*** Data listing ***

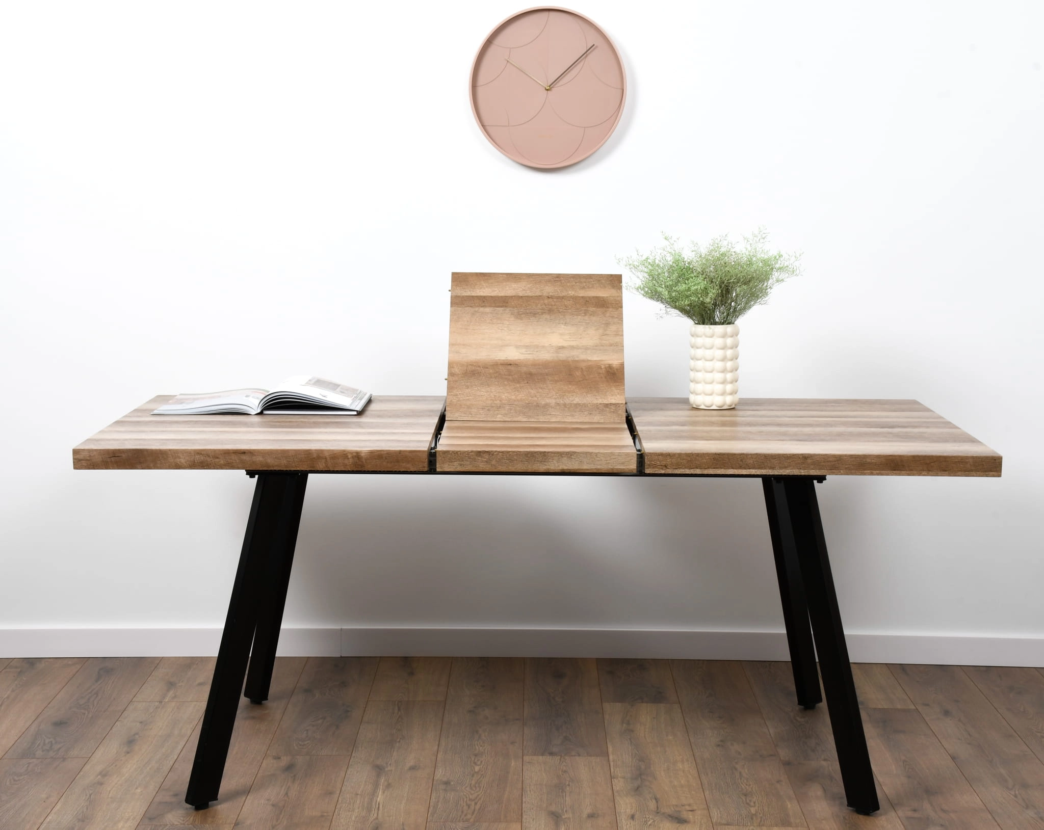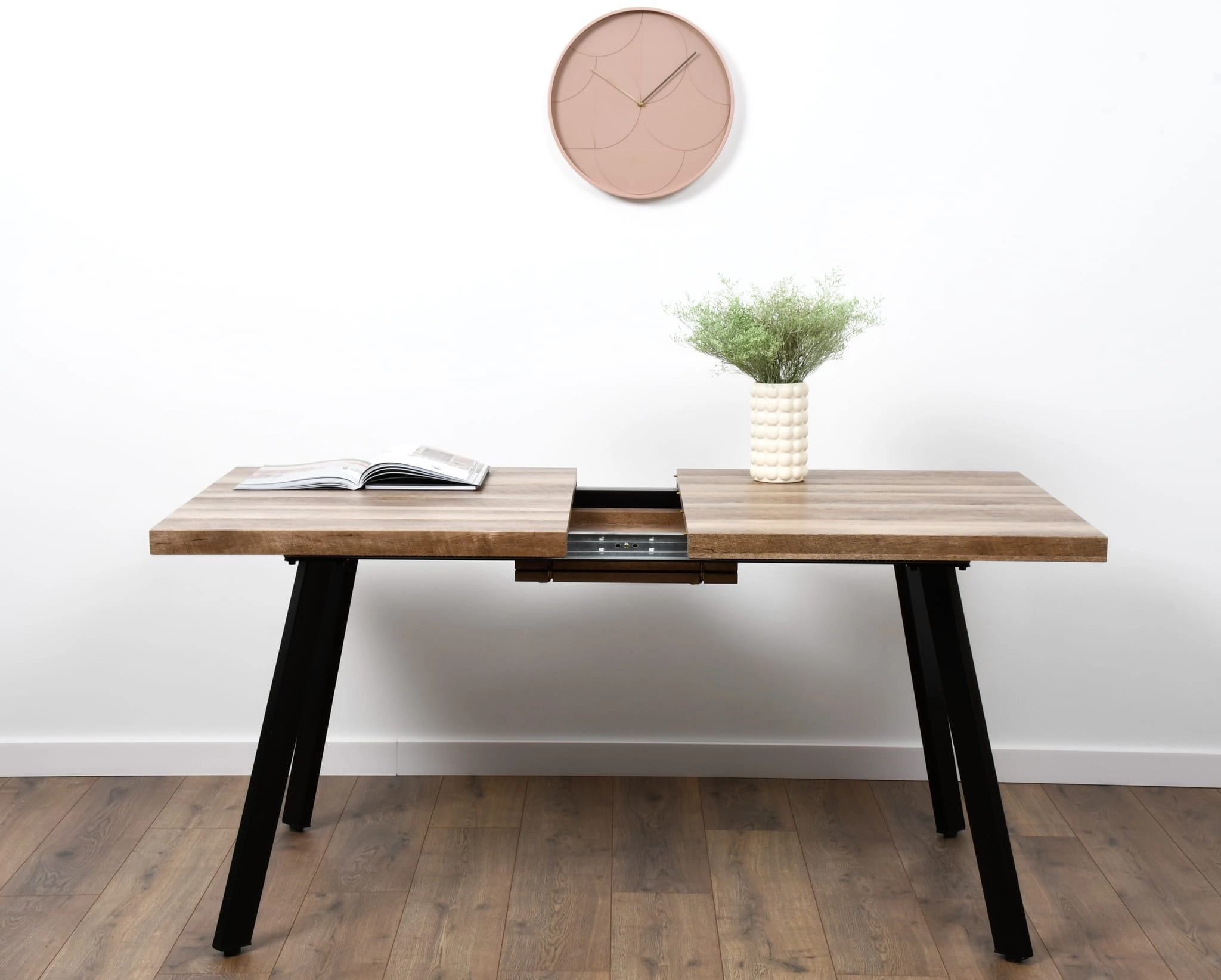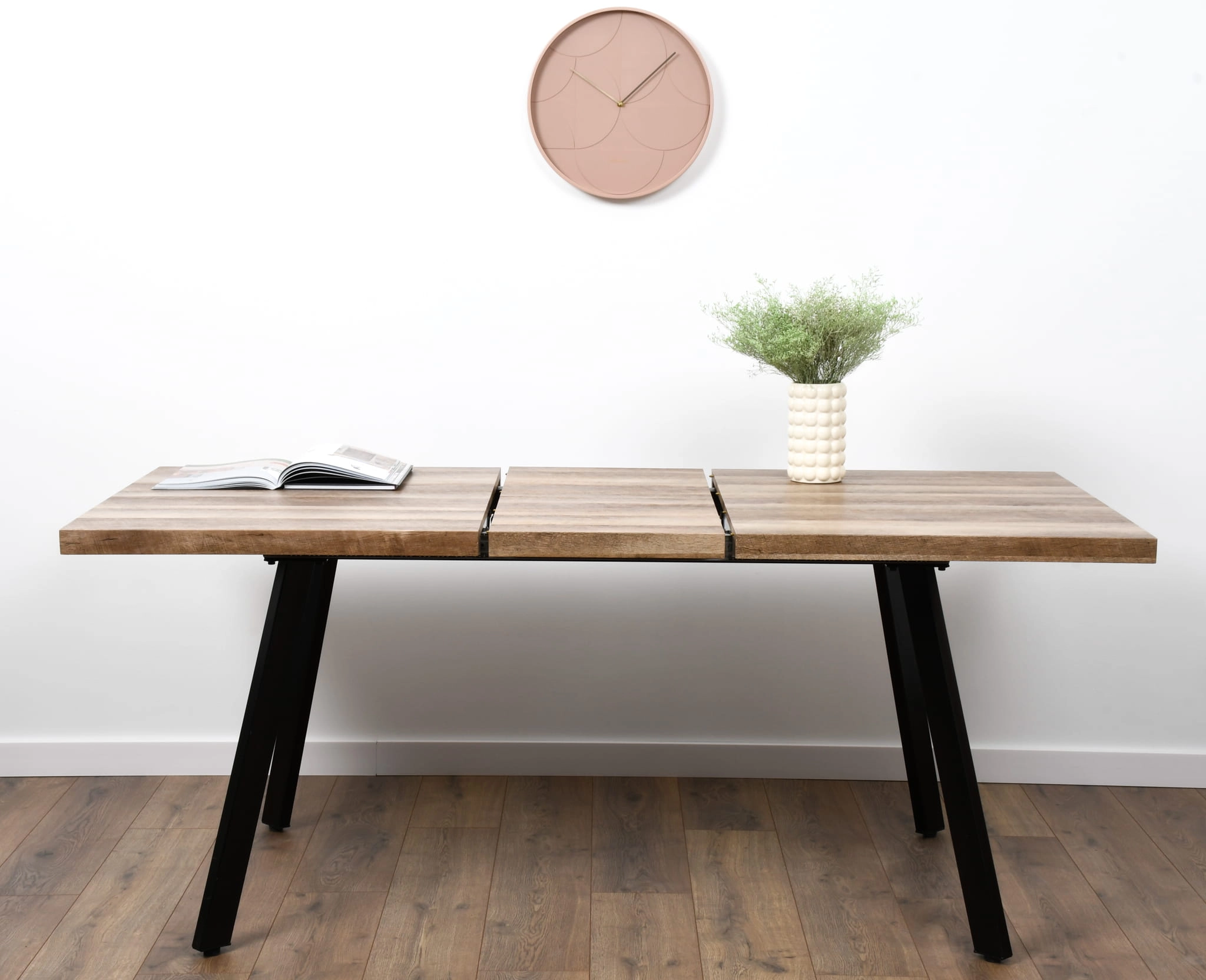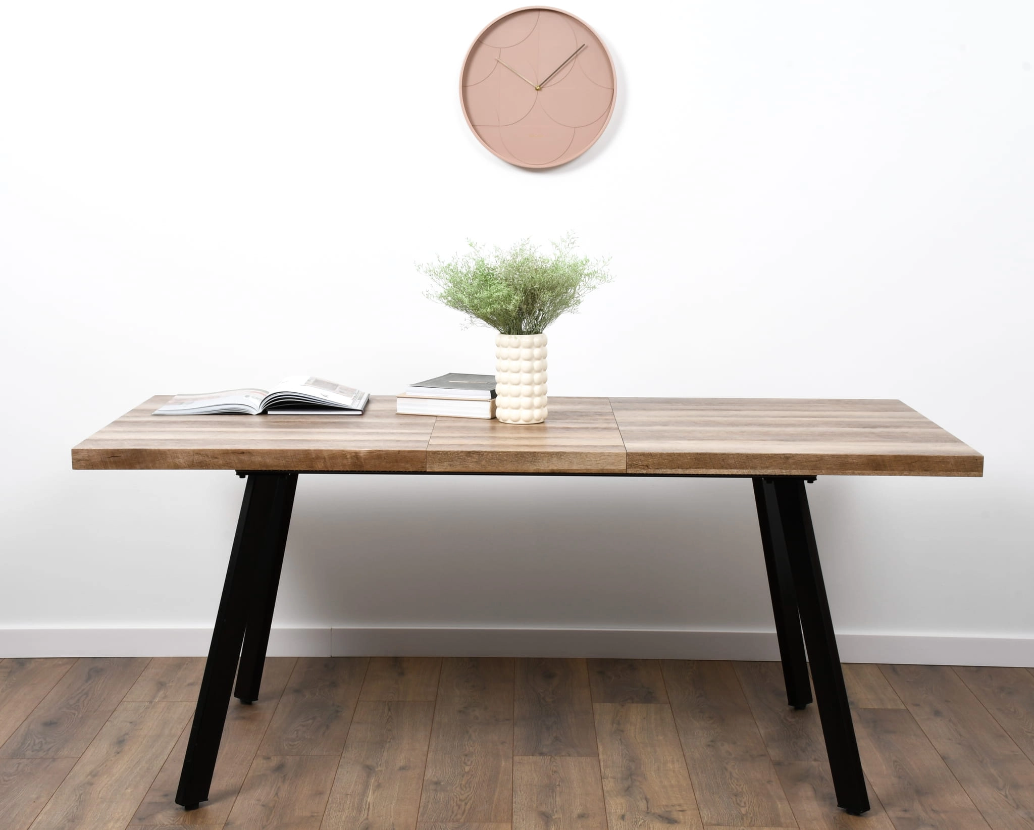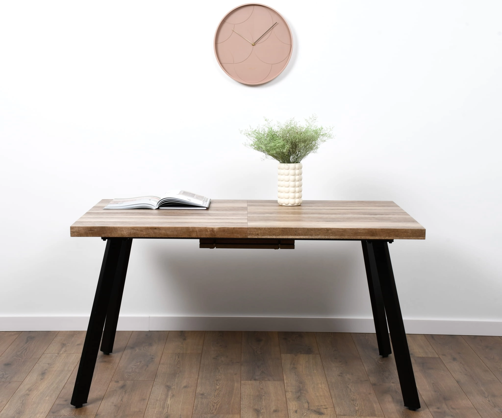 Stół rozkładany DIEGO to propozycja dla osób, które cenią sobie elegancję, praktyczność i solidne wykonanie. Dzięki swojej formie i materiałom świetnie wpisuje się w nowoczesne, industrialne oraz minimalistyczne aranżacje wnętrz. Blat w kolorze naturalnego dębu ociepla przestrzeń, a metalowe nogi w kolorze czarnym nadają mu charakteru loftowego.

*** End of Data listing ***
*** Data listing ***

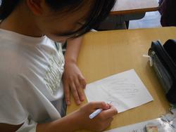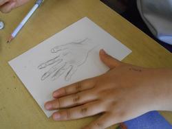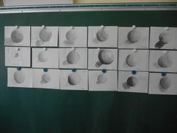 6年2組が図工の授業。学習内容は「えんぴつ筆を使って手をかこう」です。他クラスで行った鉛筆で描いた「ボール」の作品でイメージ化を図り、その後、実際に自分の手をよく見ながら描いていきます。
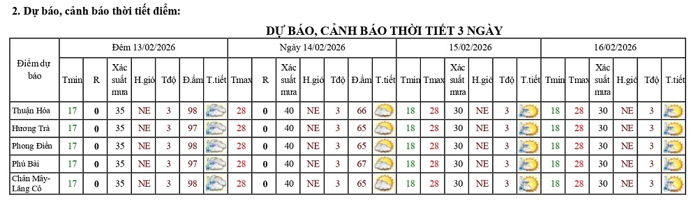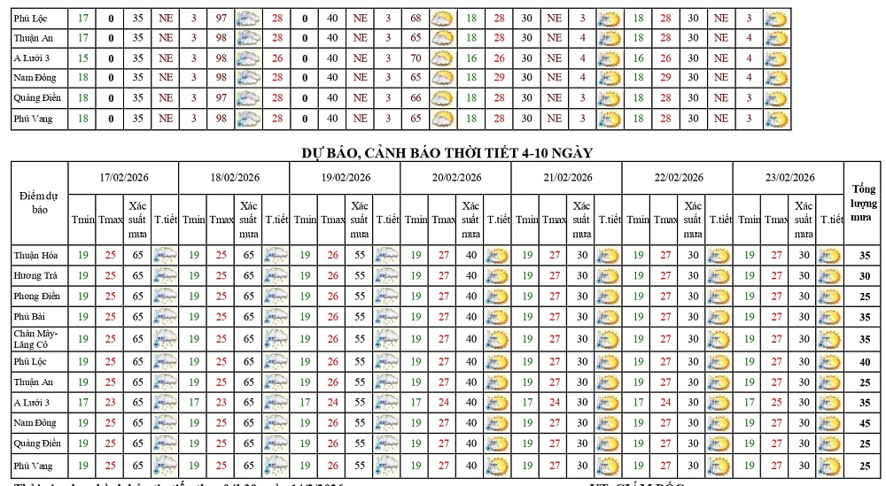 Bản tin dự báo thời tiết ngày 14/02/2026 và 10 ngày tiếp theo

*** End of Data listing ***
*** Data listing ***

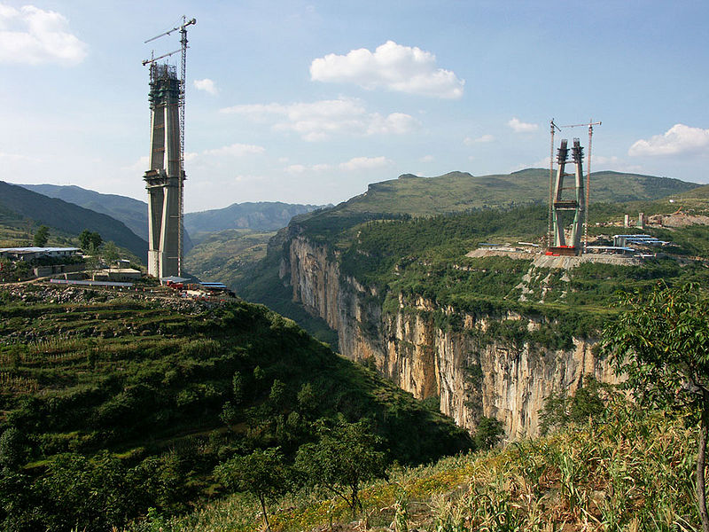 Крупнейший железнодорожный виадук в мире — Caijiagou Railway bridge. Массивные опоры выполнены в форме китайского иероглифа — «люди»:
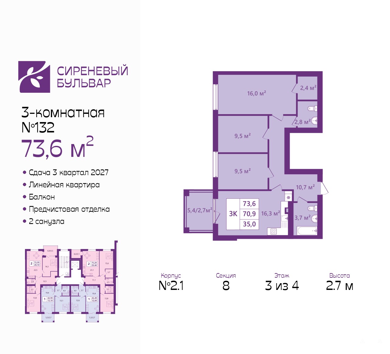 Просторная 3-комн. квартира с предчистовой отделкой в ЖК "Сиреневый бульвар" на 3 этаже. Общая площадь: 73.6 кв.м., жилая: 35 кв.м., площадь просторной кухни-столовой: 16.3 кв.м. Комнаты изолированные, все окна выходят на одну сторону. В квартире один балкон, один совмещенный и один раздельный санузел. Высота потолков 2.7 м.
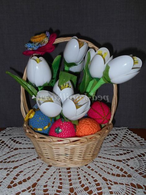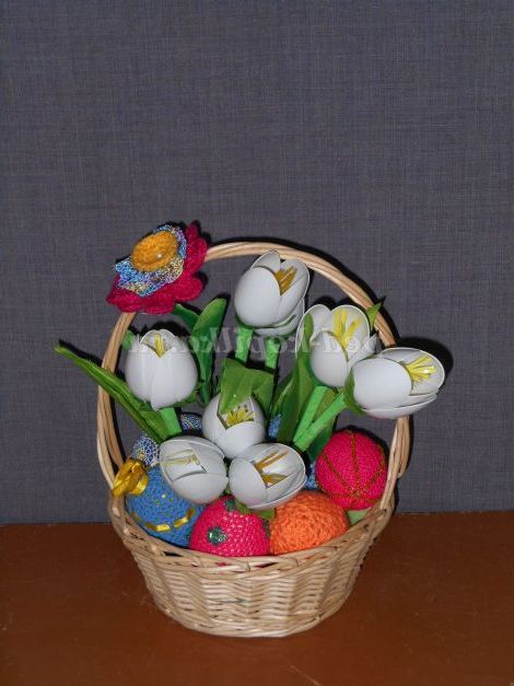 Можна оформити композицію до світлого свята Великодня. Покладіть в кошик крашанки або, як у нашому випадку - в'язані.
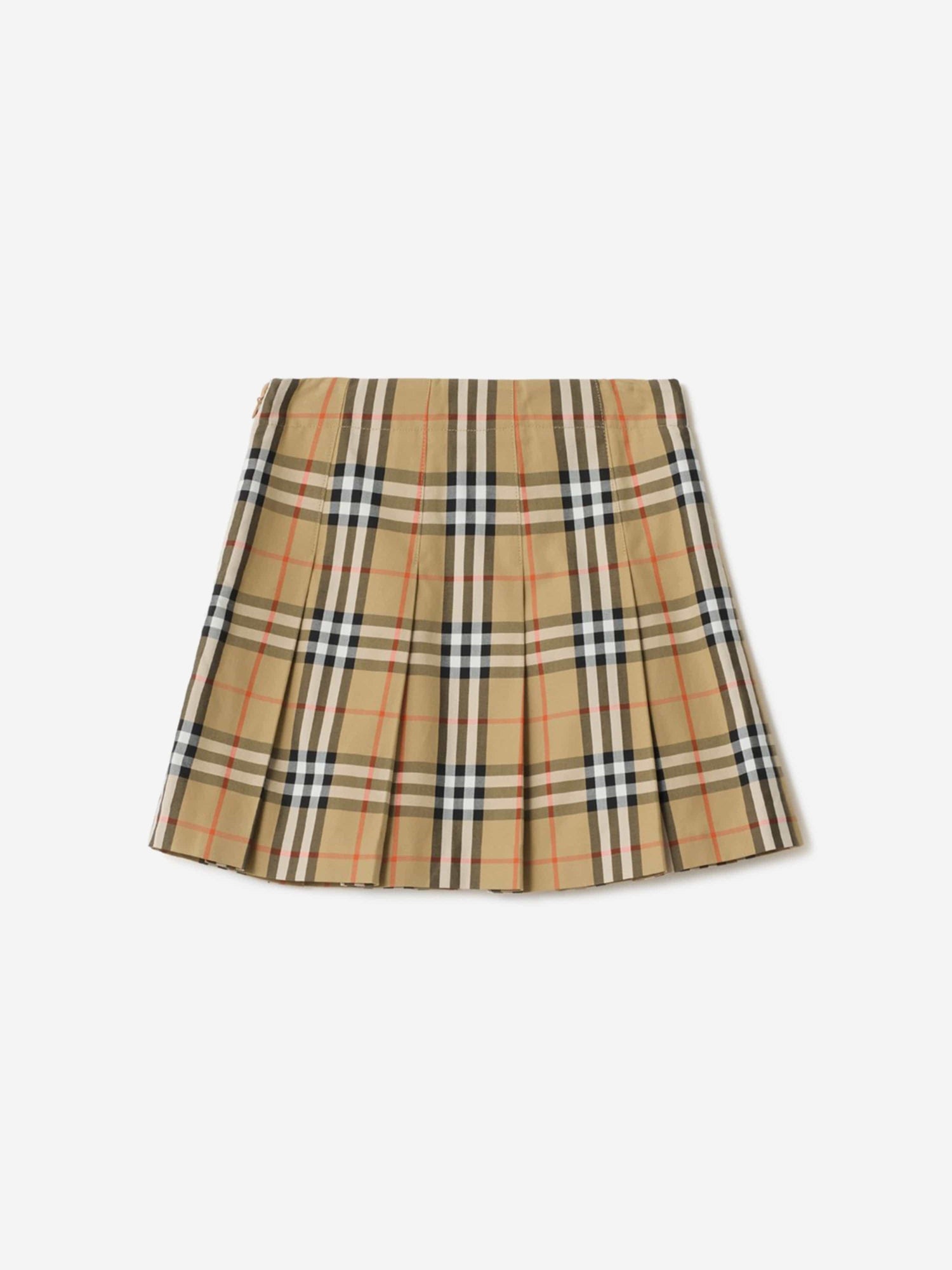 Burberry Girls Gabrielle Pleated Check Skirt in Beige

*** End of Data listing ***

**Exercise directions**.
The reply should hold the entries above from the line with "Крупнейший железнодорожный виадук" to the line with "Burberry Girls Gabrielle", duplicated exactly, pictures excluded.

**Solved problem**.
 Крупнейший железнодорожный виадук в мире — Caijiagou Railway bridge. Массивные опоры выполнены в форме китайского иероглифа — «люди»:
 Просторная 3-комн. квартира с предчистовой отделкой в ЖК "Сиреневый бульвар" на 3 этаже. Общая площадь: 73.6 кв.м., жилая: 35 кв.м., площадь просторной кухни-столовой: 16.3 кв.м. Комнаты изолированные, все окна выходят на одну сторону. В квартире один балкон, один совмещенный и один раздельный санузел. Высота потолков 2.7 м.
 Можна оформити композицію до світлого свята Великодня. Покладіть в кошик крашанки або, як у нашому випадку - в'язані.
 Burberry Girls Gabrielle Pleated Check Skirt in Beige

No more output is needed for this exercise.